Natural language processing has its roots in the 1950s. Already in 1950, Alan Turing published an article titled "Computing Machinery and Intelligence" which proposed what is now called the Turing test as a criterion of intelligence, a task that involves the automated inte

# ***Data Preprocessing***

***Removing square brackets and extra spaces***

In [54]:
article_text = re.sub(r'\[[0-9]*\]', ' ', article_text)
article_text = re.sub(r'\s+', ' ', article_text)

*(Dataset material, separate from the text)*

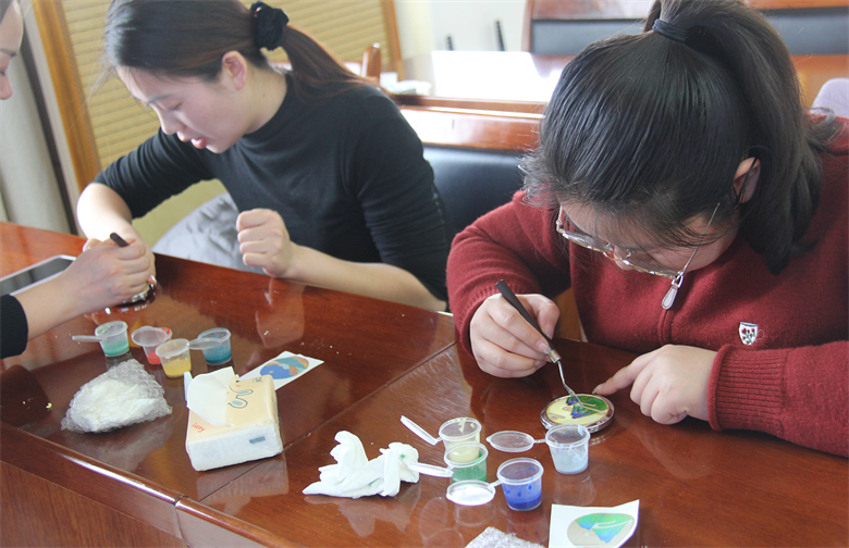 在扭扭花制作环节,彩色扭扭棒在大家手中跳跃、旋转,不一会儿,一朵朵精致的扭扭花便绽放在她们的手中。有的花朵花瓣层叠,宛如盛开的牡丹;有的花朵小巧玲珑,如同初绽的桃花,每一朵花都凝聚着大家的巧思与匠心。大家互相欣赏着彼此的作品,脸上露出了满意的笑容,许多人还开心地拿起手机,与自己的作品合影留念,记录下这美好的瞬间。在浓厚的节日氛围烘托下,大家不仅放松了心情,还陶冶了情操,彼此之间的友谊也得到了加深。

***Removing special characters and digits***

In [55]:
formatted_article_text = re.sub('[^a-zA-Z]', ' ', article_text )
formatted_article_text = re.sub(r'\s+', ' ', formatted_article_text)            #we will use this to create weighted frequency histograms for the words

# ***Converting Text to Sentences***

***Sentence Tokenizer***

In [56]:
from keras.preprocessing.text import Tokenizer
import nltk
nltk.download('punkt')
import re
sentence_list = nltk.sent_tokenize(article_text)

[nltk_data] Downloading package punkt to /root/nltk_data...
[nltk_data]   Package punkt is already up-to-date!


***Finding weighted frequency of the words***

In [57]:
nltk.download('stopwords')
from nltk.corpus import stopwords
stopwords = nltk.corpus.stopwords.words('english')

word_frequencies = {}
for word in nltk.word_tokenize(formatted_article_text):
    if word not in stopwords:
        if word not in word_frequencies.keys():
            word_frequencies[word] = 1
        else:
            word_frequencies[word] += 1

[nltk_data] Downloading package stopwords to /root/nltk_data...
[nltk_data]   Package stopwords is already up-to-date!


In [58]:
maximum_frequncy = max(word_frequencies.values())

for word in word_frequencies.keys():
    word_frequencies[word] = (word_frequencies[word]/maximum_frequncy)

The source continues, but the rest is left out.